Oxo-transfer catalysis from t-BuOOH with C–H bond insertion using tridentate Schiff-base-chelate complexes of ruthenium(III)

Mixed-chelate complexes of ruthenium have been synthesized using tridentate Schiff-base ligands (TDLs) derived by condensation of aldehydes (salicyldehyde, 2-pyridinecarboxaldehyde) with 2-aminobenzoic acid, and bidentate ligands (2,2′-bipyridine or picolinic acid). [RuIII(cpsd)(bipy)(H2O)]+ (1), [RuIII(cpsd)(pic)(H2O)] (2), [RuIII(cppc)(bipy)(H2O)]2+ (3) and [RuIII(cppc)(pic)(H2O)]+ (4) complexes (where, cpsd2−=(N-(2-carboxyphenyl)salicylaldiminato); cppc−=N-2-carboxyphenylpyridine-2-carboxaldiminato; bipy=2,2′-bipyridine and pic−=picolinate) were characterized by analytical, spectral (IR and UV–Vis), conductance, magnetic moment and electrochemical studies. Catalysis of hydrocarbon oxidations for cyclohexene, cyclohexane, cyclohexanol, toluene, benzyl alcohol, and tetrahydrofuran have been studied using various O-atom transfer agents (t-BuOOH, H2O2, NaOCl, KHSO5 and pyridinium-N-oxide).
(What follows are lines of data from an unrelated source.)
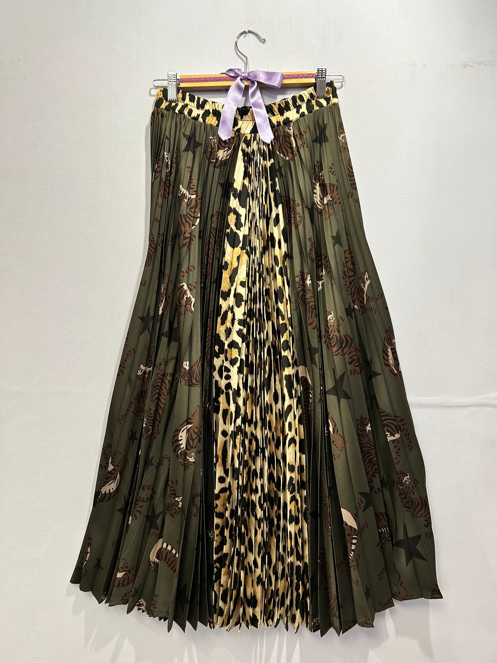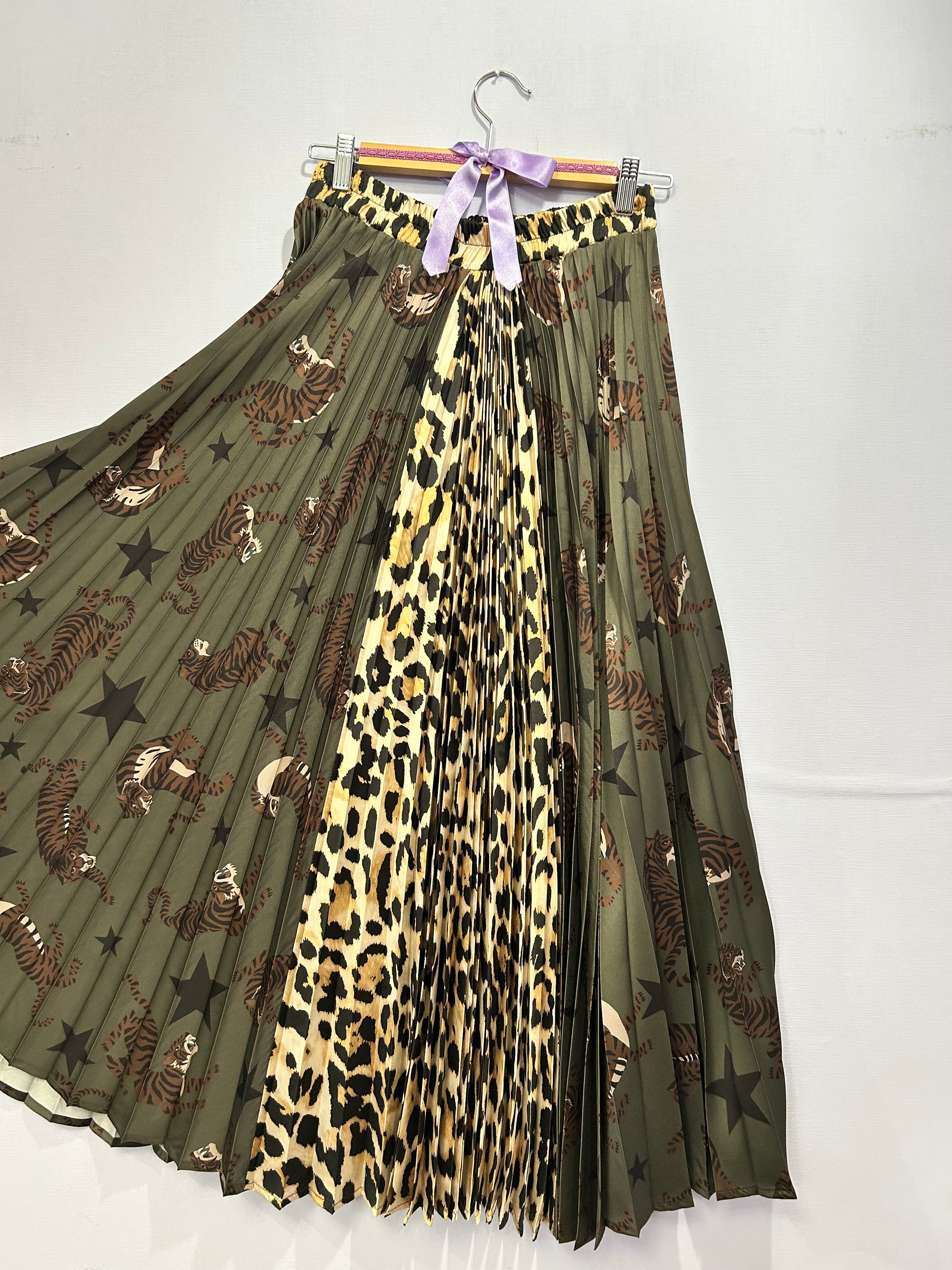 Gonna della 5 Progress, dalla plissettatura importante, inserto Leo sul davanti, elastico in vita. Fantasia Tiger print
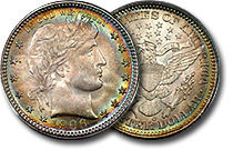 The obverse of this stunning Barber Quarter is ringed with vibrant shades of perfect rainbow hues. The centers are very frosty and the coin has excellent luster. Eye appeal this fantastic is so elusive in Barber Quarters. If you collect this series, you k... |
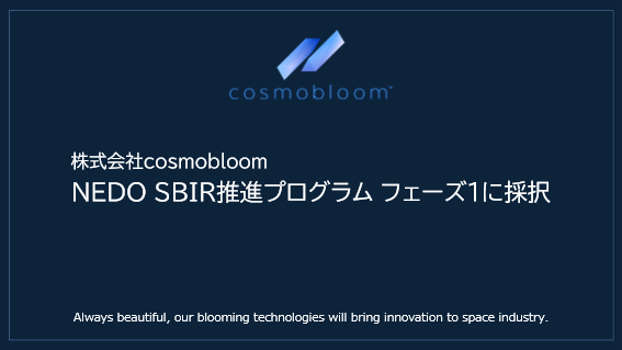 cosmobloom、NEDO SBIR推進プログラム フェーズ1に採択
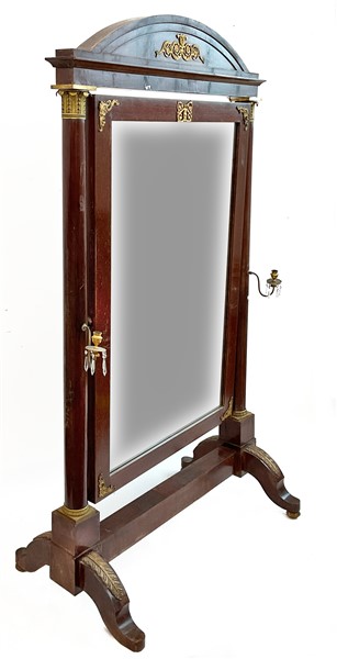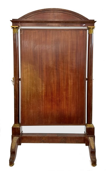 Psiche Impero in mogano con sostegni a colonna e specchio rettangolare basculan
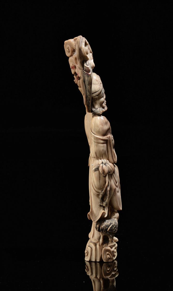 A carved ivory wise man with stick and flowers vase with bats group, China, Qing Dynasty, 18th century
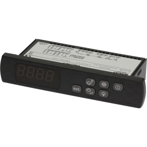 230V 50/60Hz | előlap mérete 185x38xmélység 89.5 mm | 1 relékimenet 20A a kompresszorhoz | 1 relékimenet 8A a leolvasztáshoz | 1 relékimenet 8A az elpárologtató ventilátorhoz | 1 relékimenet 8A (szobavilágítás/deresedés elleni fűtőelem | segéd kimenet) |

The influence of product yield as a function of solvent was evaluated for CH2Cl2, CH3CN, and 1,4-dioxane. Coordinating solvents suppress the reactivity by inhibiting coordination of t-BuOOH, and compete for the RuVO group through their own intrinsic C–H reactivity. The main pathway transfers the oxo group from the [RuO(TDL)(XY)] intermediate, TDL=cpsd2− and cppc2−; XY=bipy or pic−, with insertion of the oxo group into a C–H bond of all substrates tested (rather than olefin epoxidation for cyclohexene). A mechanism involving intermediacy of a high valent Ru(V)-oxo species is proposed for the catalytic oxidation processes.